Like Mr. Obama said: "Yes, we can!"
I found a solution that does not require an additional module and handles all possible events of the capture group (as I know). Since Ikegami mentions that he needs regular expression repair, but perl does this for us.
While digging the Perl modules on the CPAN in the haystack, I found a very interesting warnings :: regex :: recompile . It generates a warning message every time regexp is recompiled. Analyzing the source, I found a solution to my problem.

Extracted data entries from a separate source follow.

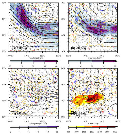 Synoptic features of (a) 500 hPa, (b) 700 hPa, (c) 850 hPa and (d) surface, with wind barbs (half lines, full lines and flags donate 2 m/s, 4 m/s and 20 m/s, respectively), temperature (orange lines, units in °C), wind speed ((a,b), shading), geopotential height ((a–c), bold black lines), mean sea level pressure ((d), bold black lines), divergence ((c), shading) and convective available potential temperature (CAPE, (d), shading) at 0600 UTC (Coordinated Universal Time) on 30 April 2021.
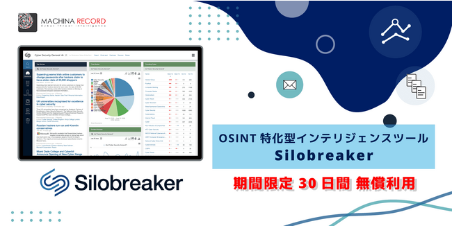「サイバーインテリジェンス」を活用したセキュリティソリューションを提供する株式会社マキナレコード(本社:東京都港区、代表取締役:軍司祐介、以下マキナレコード)とパートナー企業のSilobreaker社(英、以下Silobreaker)は、2023年6月19日(月)~2023年6月30日(金)の期間限定で、オープンソースインテリジェンス(OSINT)特化型インテリジェンス収集・分析ツールの無料トライアル第4弾を開始しました。
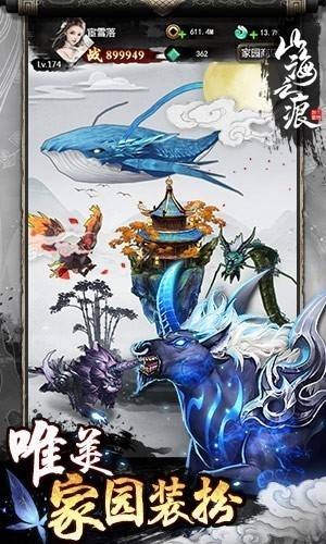 《山海之痕》是一款ARPG+养成类的h5放置游戏,以水墨国风的美术风格打造风景绝美、万兽争雄的绚丽山海经世界。游戏背景发生在上古年间,神魔大战,导致五灵崩散、妖兽横行、生灵涂炭。玩家作为修仙之士,虽声明不显、法力低微,却毅然挺身而出,携虽千万人吾往矣之势,修正五灵,降妖除魔,一步步提升自己,完成主线任务、击杀BOSS、通关副本。最终还世界一片安宁祥和。游戏以人物养成、异兽养成和伙伴攻略为主。上千种装备替换、锻造、精炼以提升自身能力,上百种异兽技能,随意搭配,拓展,深度挖掘上古异兽的风采,同时寻求各种上古神祗的支持,化身伙伴,共同征战。救世之路玩家并非孤身一人,玩家们可以与其他仙友组队,横扫大荒,荡平妖魔,重现上古人族辉光,同时开启结婚、组建家园,装饰家园,为横扫大荒的艰险道路中增添一抹温馨。还能和志同道合的仙友一起组建宗门,在偌大的上古天地,创出自己的一番事业,争夺第一宗门之位。

Using use re qw/Debug DUMP/;
Perl returns the parsed regular expression to STDERR
. In the source module, the result is dumped to the real file and then reread for processing. I changed the code to use in memory.
My decision:
sub dumpre { use re qw(eval Debug DUMP); my $buf = ''; open OLDERR, '>&', STDERR or die "$!"; close STDERR or die "$!"; open STDERR, '>', \$buf or die "$!"; my $re = qr/$_[0]/; close STDERR or die "$!"; open STDERR, '>&', OLDERR or die "$!"; close OLDERR or die "$!"; no re 'debug';
This function enables DUMP when compiling a regular expression. Allows eval
process expressions (?{...})
and (??{...})
.
my $re = 'aa(?:(a\d)+x)?((b\d)*d)*c*(d\d)?(e*)((f)+)(g)+'; my $r = dumpre $re; print join "\n", @$r;
Result:
Compiling REx "aa(?:(a\d)+x)?((b\d)*d)*c*(d\d)?(e*)((f)+)(g)+" Final program: 1: EXACT <aa> (3) 3: CURLYX[0] {0,1} (19) 5: CURLYM[1] {1,32767} (16) 9: EXACT <a> (11) 11: POSIXU[\d] (14) 14: SUCCEED (0) 15: NOTHING (16) 16: EXACT <x> (18) 18: WHILEM (0) 19: NOTHING (20) 20: CURLYX[1] {0,32767} (40) 22: OPEN2 (24) 24: CURLYM[3] {0,32767} (35) 28: EXACT <b> (30) 30: POSIXU[\d] (33) 33: SUCCEED (0) 34: NOTHING (35) 35: EXACT <d> (37) 37: CLOSE2 (39) 39: WHILEM[1/7] (0) 40: NOTHING (41) 41: STAR (44) 42: EXACT <c> (0) 44: CURLYM[4] {0,1} (55) 48: EXACT <d> (50) 50: POSIXU[\d] (53) 53: SUCCEED (0) 54: NOTHING (55) 55: OPEN5 (57) 57: STAR (60) 58: EXACT <e> (0) 60: CLOSE5 (62) 62: OPEN6 (64) 64: CURLYN[7] {1,32767} (74) 66: NOTHING (68) 68: EXACT <f> (0) 72: WHILEM (0) 73: NOTHING (74) 74: CLOSE6 (76) 76: CURLYN[8] {1,32767} (86) 78: NOTHING (80) 80: EXACT <g> (0) 84: WHILEM (0) 85: NOTHING (86) 86: END (0) anchored "aa" at 0 floating "fg" at 2..9223372036854775807 (checking floating) minlen 4
Thus, lines with OPEN\d+
, CURLYM[\d+]
, CURLYN[\d+]
show exciting bracket expressions (line syntax: segment_no: regex command (next segment)). (Note: CURLYX is not a capturing bracket expression like (?: ...) +). The number after OPEN / CURLY [MN} indicates the sequence number of the capture group. The last to be found. In this case, it is 8.
Unfortunately, it does not process if (??{...})
returns the expression in brackets, but now it is not very important for me. I assume that the format is not fixed, so it may differ from version to version. But this is normal for me.